We load the data below
books.url <- file(paste(url,"books.csv", sep = ""), open="r" )
books.data <- read.csv2(books.url, sep = ",", header=TRUE, stringsAsFactors = FALSE , encoding="UTF-8")
This is how the books.data from csv looks like
books.data
## Title
## 1 Discovering Statistics Using R
## 2 R Cookbook
## 3 R for Everyone: Advanced Analytics and Graphics (Addison-Wesley Data and Analytics)
## Author_1 Author_2 Author_3 Published_Date Weight Type
## 1 Andy Field Jeremy Miles Zoe Field 2012 5 pounds paperback
## 2 Paul Teetor 2011 1.6 pounds paperback
## 3 Jared Lander 2013 1 pound paperback
Now lets look at the structure of the xml file.
cat(books.xml)
## <?xml version="1.0"?>
## <doc>
## <books>
## <book>
## <Title>Discovering Statistics Using R</Title>
## <Author_1>Andy Field</Author_1>
## <Author_2>Jeremy Miles</Author_2>
## <Author_3>Zoe Field</Author_3>
## <Published_Date>2012</Published_Date>
## <Weight>5 pounds</Weight>
## <Type>paperback</Type>
## </book>
## <book>
## <Title>R Cookbook </Title>
## <Author_1>Paul Teetor</Author_1>
## <Author_2> </Author_2>
## <Author_3> </Author_3>
## <Published_Date>2011</Published_Date>
## <Weight>1.6 pounds</Weight>
## <Type>paperback</Type>
## </book>
## <book>
## <Title>R for Everyone: Advanced Analytics and Graphics (Addison-Wesley Data and Analytics)</Title>
## <Author_1>Jared Lander</Author_1>
## <Author_2> </Author_2>
## <Author_3> </Author_3>
## <Published_Date>2013</Published_Date>
## <Weight>1 pound</Weight>
## <Type>paperback</Type>
## </book>
## </books>
## </doc>
Now that we have the data in xml we can covert to a dataframe.
books.xml.list <- xmlToList(books.xml)
books.xml.df <- as.data.frame(rbindlist(books.xml.list, fill = TRUE))
row.names(books.xml.df) <- names(books.xml.list$books$book)
kable(books.xml.df)
| Title |
Discovering Statistics Using R |
R Cookbook |
R for Everyone: Advanced Analytics and Graphics (Addison-Wesley Data and Analytics) |
| Author_1 |
Andy Field |
Paul Teetor |
Jared Lander |
| Author_2 |
Jeremy Miles |
|
|
| Author_3 |
Zoe Field |
|
|
| Published_Date |
2012 |
2011 |
2013 |
| Weight |
5 pounds |
1.6 pounds |
1 pound |
| Type |
paperback |
paperback |
paperback |
Overall, I noticed that many of the results were returned in a list format.
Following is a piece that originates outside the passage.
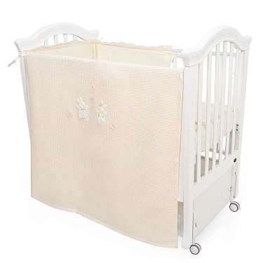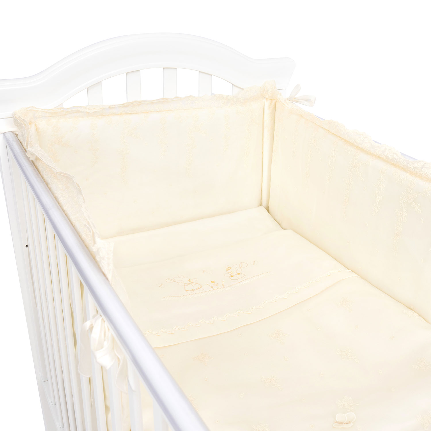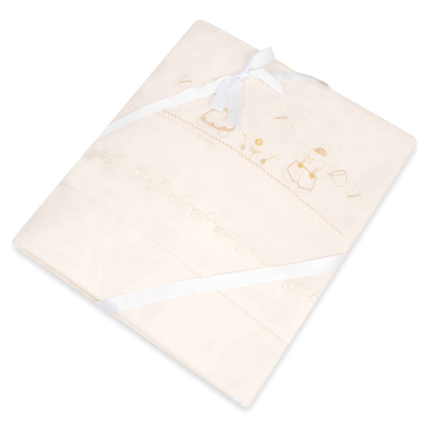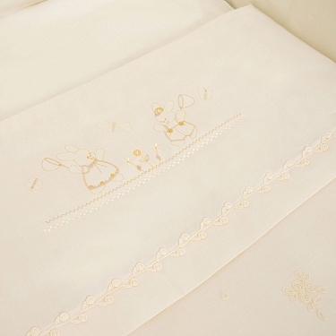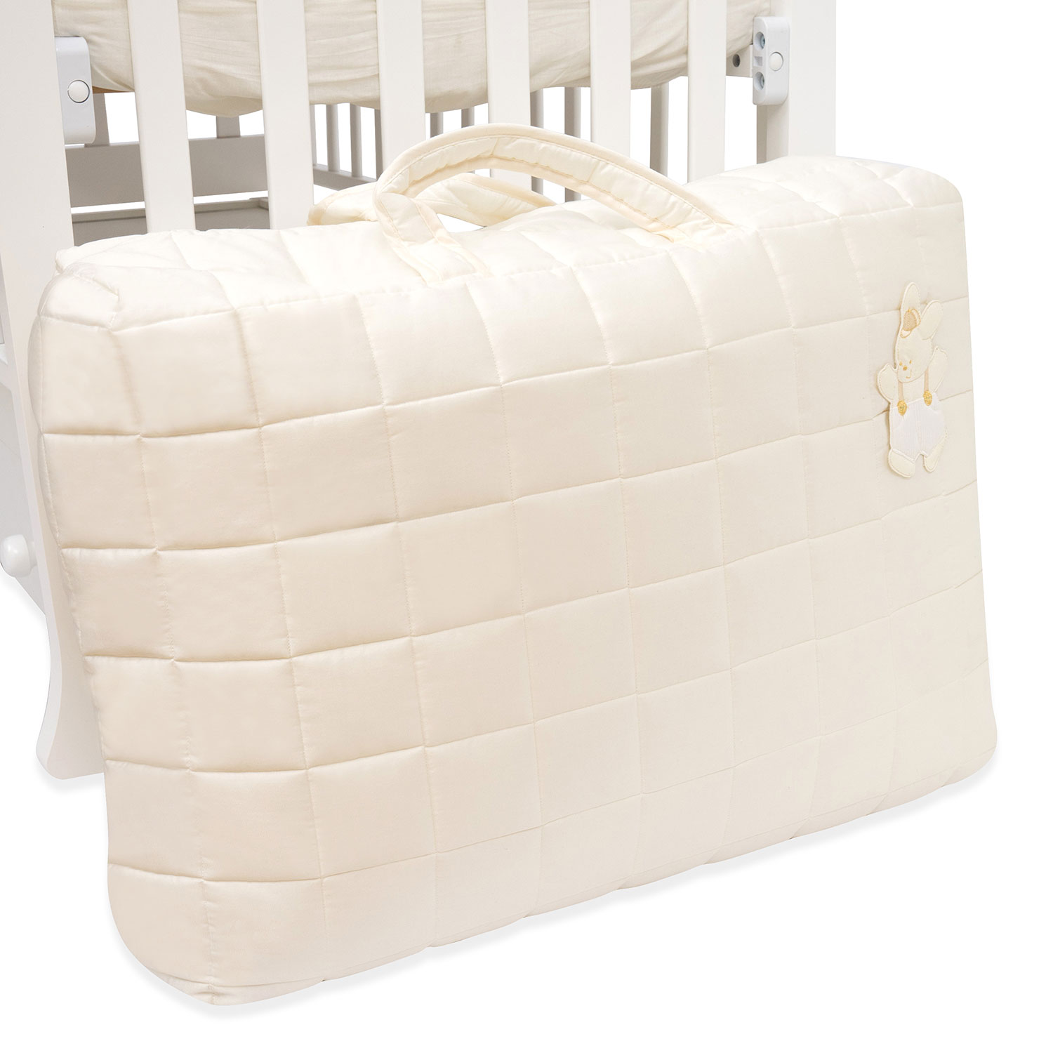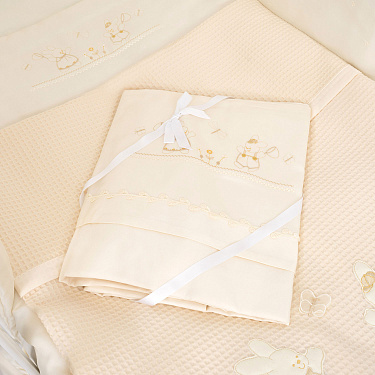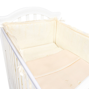 Набор постельного белья BabyPiu 03L.154BW_OR Шелковые эмоции "4 времени года" 22L-ORG+56R+49+94 в чемодане - это сочетание натуральных тканей, авторского дизайна, высочайшего качества отделки. Нежные ткани и кружева, из которых выполнен комплект, не будут раздражать детскую кожу, подарят малышу мягкость, тепло и сладкий сон. Изготовлен комплект из органзы, атласа и сатина, отделан кружевом и вышивкой. Набор комплектуется мягким бортиком на половину кроватки, одеялом утепленным, одеялом из пике (трикотажное хлопчатобумажное полотно) размером 150х115 см, простынкой 120х170 см. - 2 шт, наволочкой 40х55 см.

It seems that when parsing various data format types they results will be in a list format that needs to be modified into the data frame. The packages are extremely useful in producing these results. I would say that the xml required the most amount of effort in coding and understanding, whereas json felt to be the easiest to understand. I had not previously worked with data were the encoding to UTF-8 was so critical to being able to parse the data, I now have a new understanding of this encoding.